■ **Assignment**
Whenever a picture appears, omit it, and set down everything else in the records exactly.

■ **Listed records**
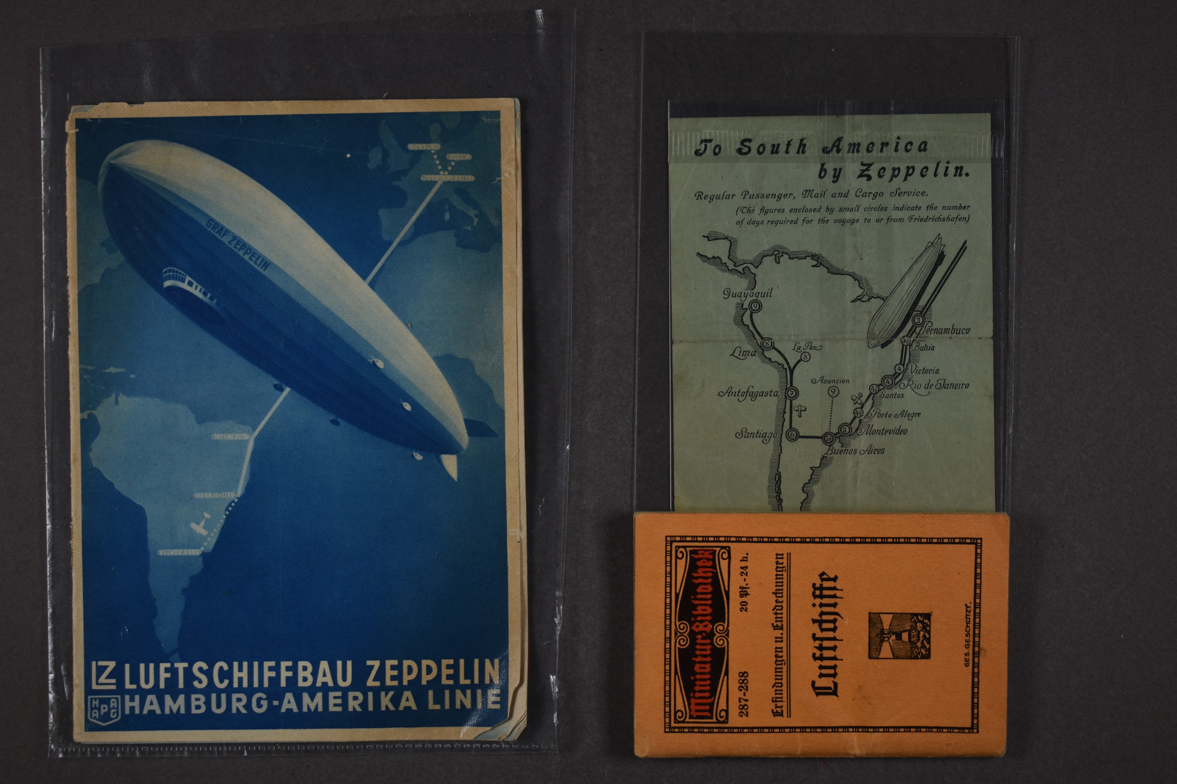 ZEPPELIN, stamps and covers, memorabilia with an original board crew badge (1914-1918), Photo-books and literature. Nice lot for the specialist
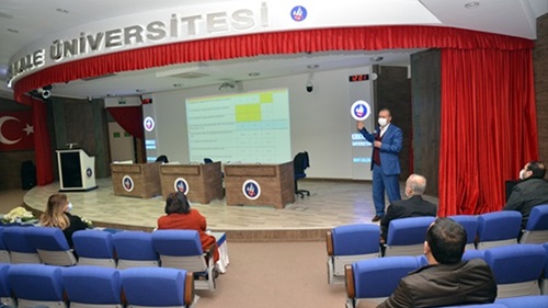 Derslerde belirli aralıklarla öÄŸrencilerimize ülkemizin etrafındaki bu durumu anlatmalı ve ‘sen bir elektronikçi, bir kimyacı, bir uluslararası iliÅŸkilerci olarak, ÅŸu anda Akdeniz’de ve Karadeniz’de petrol veya doÄŸalgaz arayan platformda çalışmak istemez misin? Bizzat iÅŸin içinde fiili olarak ya da lojistik olarak bu çalışmalara destek vermek istemez misin?’ ÅŸeklinde hedefler koymalıyız. Sınır ötesi operasyonlarda ve Can Azerbaycan’ın KarabaÄŸ’daki zaferine baktığımızda, bu baÅŸarıların belirli bir güçten kaynaklı olduÄŸunu gençlerimizin anlamasını, farkında olmasını saÄŸlamalıyız. Bir taraftan eÄŸitim-öÄŸretim mesleki bilgiler verirken, bir taraftan da o bilgiyi nerede kullanacaklarına dair öncülük etmeliyiz. Tarih boyunca ne zaman güçlü olduysak o siyasi gücün altında bilimsel güç, teknolojik geliÅŸmeye ayak uydurma, teknolojik ürün yatıyor. Bunu gençlere anlatmamız lazım” dedi. Toplantı, Rektör Prof. Dr. Ersan Aslan’ın katılımcıların sorularını cevaplaması ve YÖK tarafından hazırlanan Üniversitemizin 2018 ve 2019 İzleme ve DeÄŸerlendirme Raporlarının deÄŸerlendirilmesi ile sona erdi.
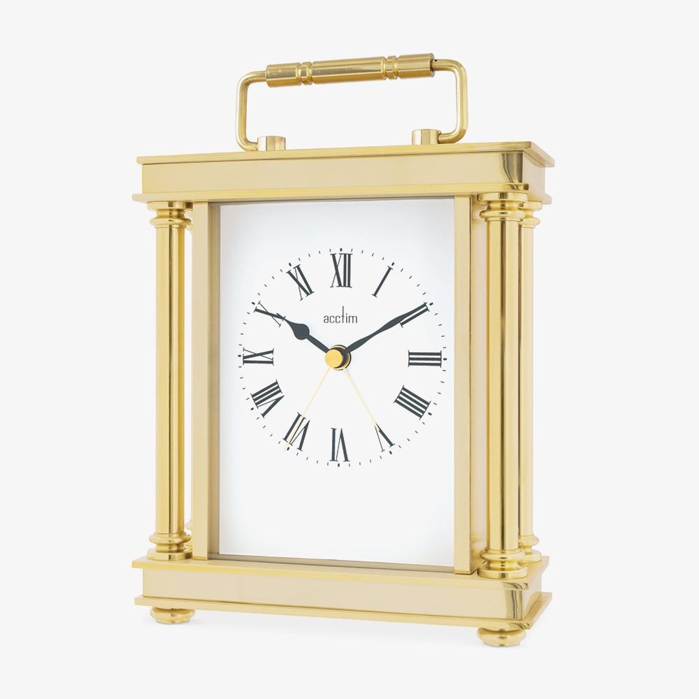 Acctim Marlow Gold Carriage Clock – Inspired by Greek Revival design, this Doric-style mantel clock features a sleek gold metal case and a clear, uncluttered white dial for a timeless, elegant look.
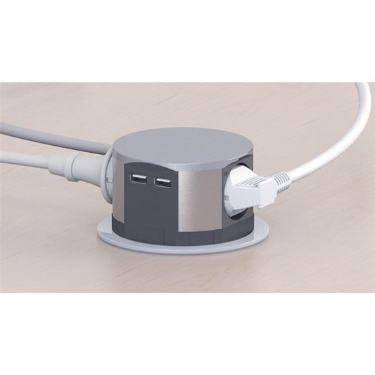 Solight výsuvný blok zásuvek, 3 zásuvky, 2x USB, kruhový tvar nízký, prodlužovací přívod 1,5m, 3 x 1mm2, stříbrný
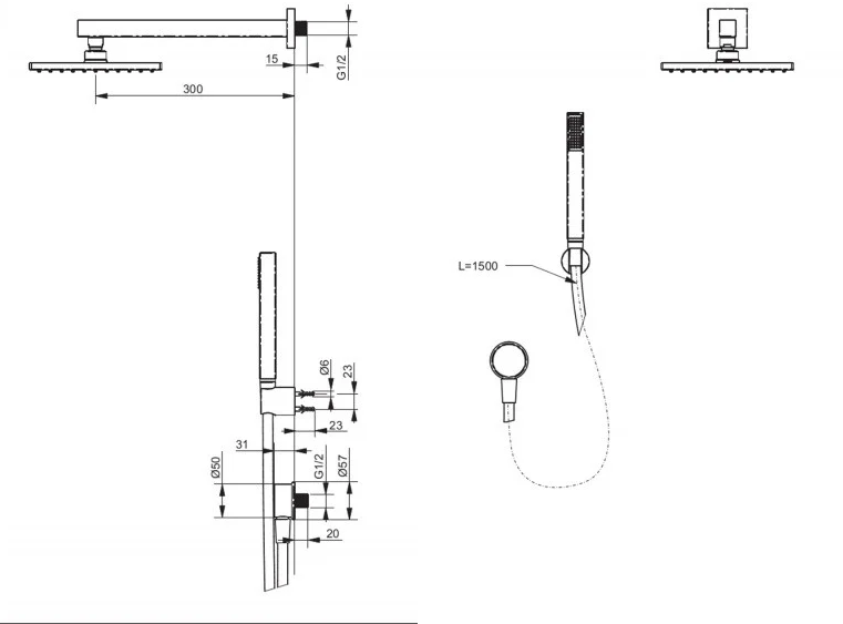 - Верхний душ: квадратный, 200х200 мм, с кронштейном
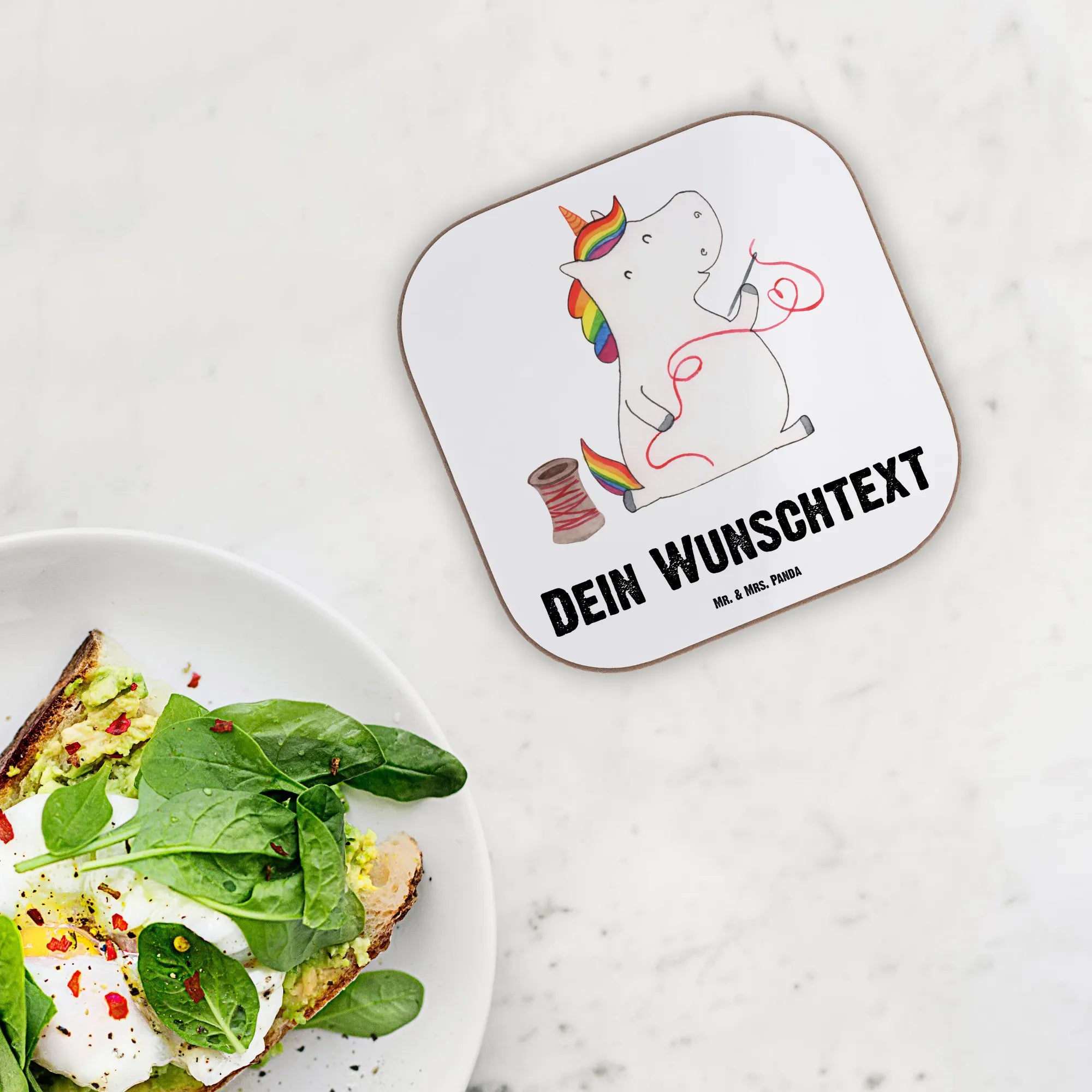 Ein personalisierter Untersetzer von Mr. & Mrs. Panda – das perfekte Geschenk für jede kreative Seele und Nähbegeisterte! Er wird zu einem Teil des kreativen Schaffens und zaubert jeden Tag ein Lächeln ins Gesicht. Bestelle jetzt und bringe ein bisschen Einhorn-Magie in dein Zuhause oder das Herz einer lieben Freundin!
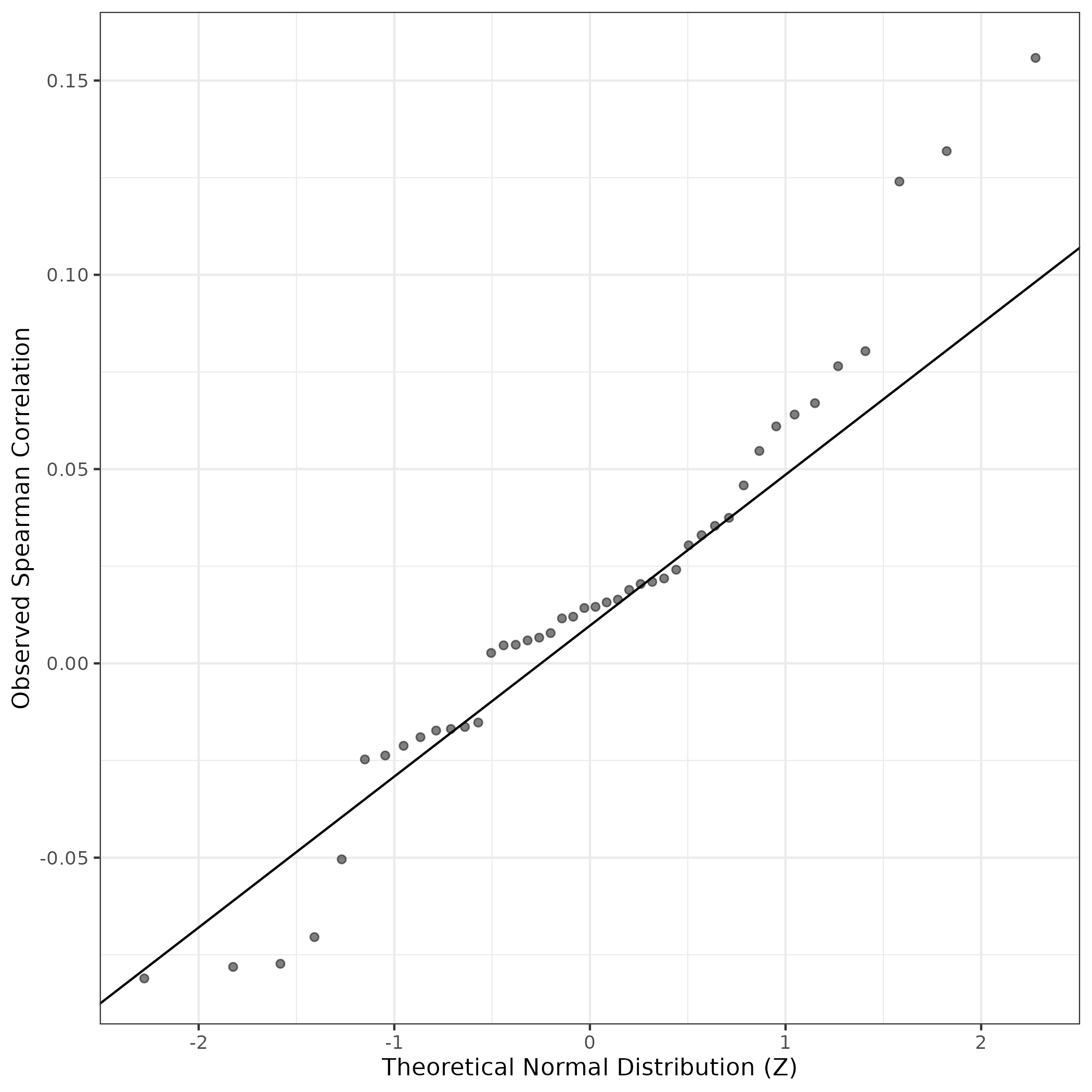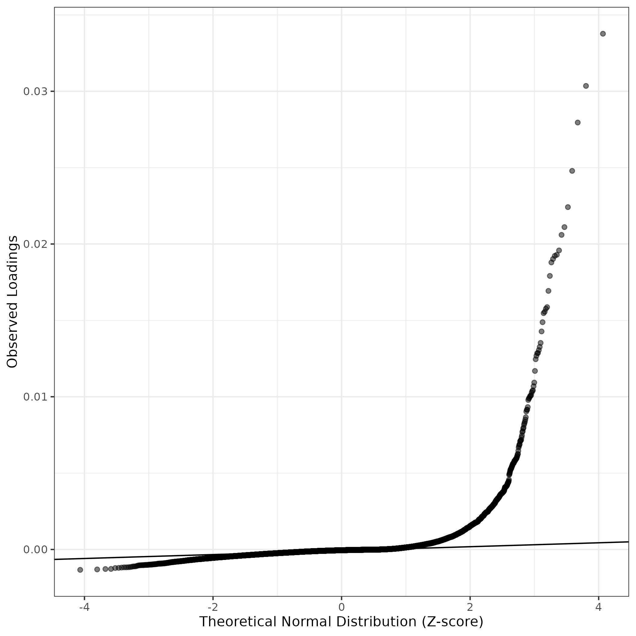QQ-plot of gene loadings, averaged over both independent splits of the data
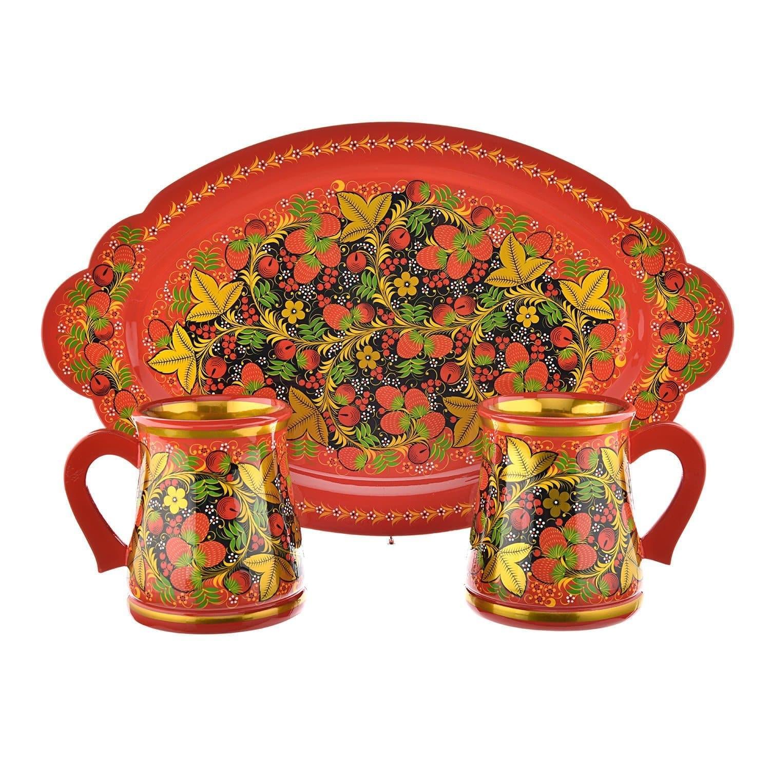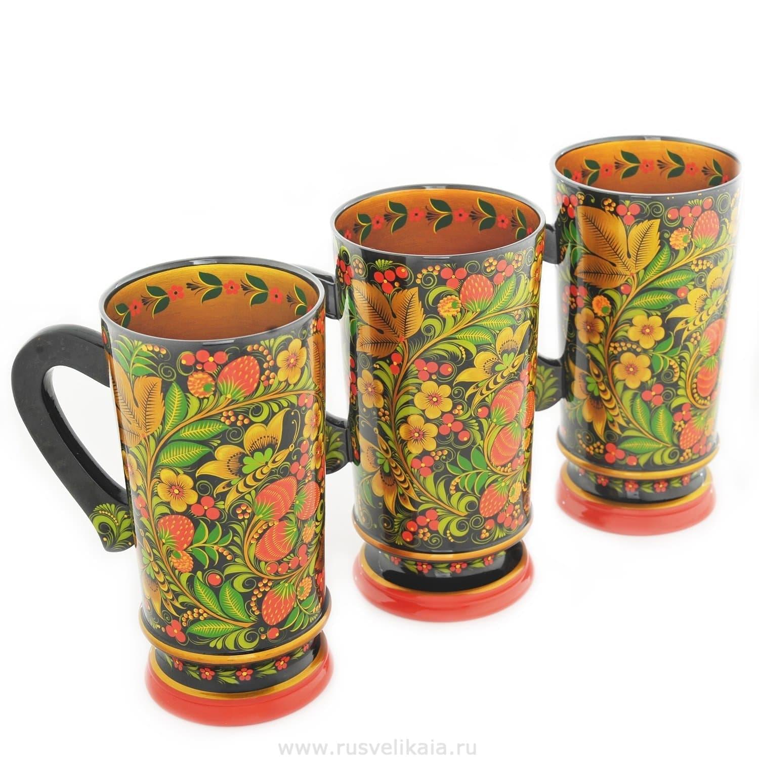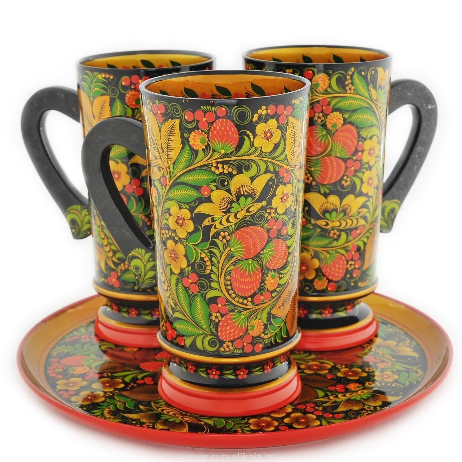 Авторская хохломская роспись зародилась около 4 столетий тому назад в монастырях под Нижним Новгородом, ее сложная и трудоемкая техника берет начало в русско-византийской иконописи. Эксклюзивная авторская работа, набор для пива Хохлома станет прекрасным подарком в русском стиле для ценителя посуды речной работы, коллекционера лучших образцов декоративно-прикладного искусства на Юбилей, Свадьбу, Новоселье, День рождения, общий или личный праздник.

■ **Exercise response**
 ZEPPELIN, stamps and covers, memorabilia with an original board crew badge (1914-1918), Photo-books and literature. Nice lot for the specialist
 Derslerde belirli aralıklarla öÄŸrencilerimize ülkemizin etrafındaki bu durumu anlatmalı ve ‘sen bir elektronikçi, bir kimyacı, bir uluslararası iliÅŸkilerci olarak, ÅŸu anda Akdeniz’de ve Karadeniz’de petrol veya doÄŸalgaz arayan platformda çalışmak istemez misin? Bizzat iÅŸin içinde fiili olarak ya da lojistik olarak bu çalışmalara destek vermek istemez misin?’ ÅŸeklinde hedefler koymalıyız. Sınır ötesi operasyonlarda ve Can Azerbaycan’ın KarabaÄŸ’daki zaferine baktığımızda, bu baÅŸarıların belirli bir güçten kaynaklı olduÄŸunu gençlerimizin anlamasını, farkında olmasını saÄŸlamalıyız. Bir taraftan eÄŸitim-öÄŸretim mesleki bilgiler verirken, bir taraftan da o bilgiyi nerede kullanacaklarına dair öncülük etmeliyiz. Tarih boyunca ne zaman güçlü olduysak o siyasi gücün altında bilimsel güç, teknolojik geliÅŸmeye ayak uydurma, teknolojik ürün yatıyor. Bunu gençlere anlatmamız lazım” dedi. Toplantı, Rektör Prof. Dr. Ersan Aslan’ın katılımcıların sorularını cevaplaması ve YÖK tarafından hazırlanan Üniversitemizin 2018 ve 2019 İzleme ve DeÄŸerlendirme Raporlarının deÄŸerlendirilmesi ile sona erdi.
 Acctim Marlow Gold Carriage Clock – Inspired by Greek Revival design, this Doric-style mantel clock features a sleek gold metal case and a clear, uncluttered white dial for a timeless, elegant look.
 Solight výsuvný blok zásuvek, 3 zásuvky, 2x USB, kruhový tvar nízký, prodlužovací přívod 1,5m, 3 x 1mm2, stříbrný
 - Верхний душ: квадратный, 200х200 мм, с кронштейном
 Ein personalisierter Untersetzer von Mr. & Mrs. Panda – das perfekte Geschenk für jede kreative Seele und Nähbegeisterte! Er wird zu einem Teil des kreativen Schaffens und zaubert jeden Tag ein Lächeln ins Gesicht. Bestelle jetzt und bringe ein bisschen Einhorn-Magie in dein Zuhause oder das Herz einer lieben Freundin!
QQ-plot of gene loadings, averaged over both independent splits of the data
 Авторская хохломская роспись зародилась около 4 столетий тому назад в монастырях под Нижним Новгородом, ее сложная и трудоемкая техника берет начало в русско-византийской иконописи. Эксклюзивная авторская работа, набор для пива Хохлома станет прекрасным подарком в русском стиле для ценителя посуды речной работы, коллекционера лучших образцов декоративно-прикладного искусства на Юбилей, Свадьбу, Новоселье, День рождения, общий или личный праздник.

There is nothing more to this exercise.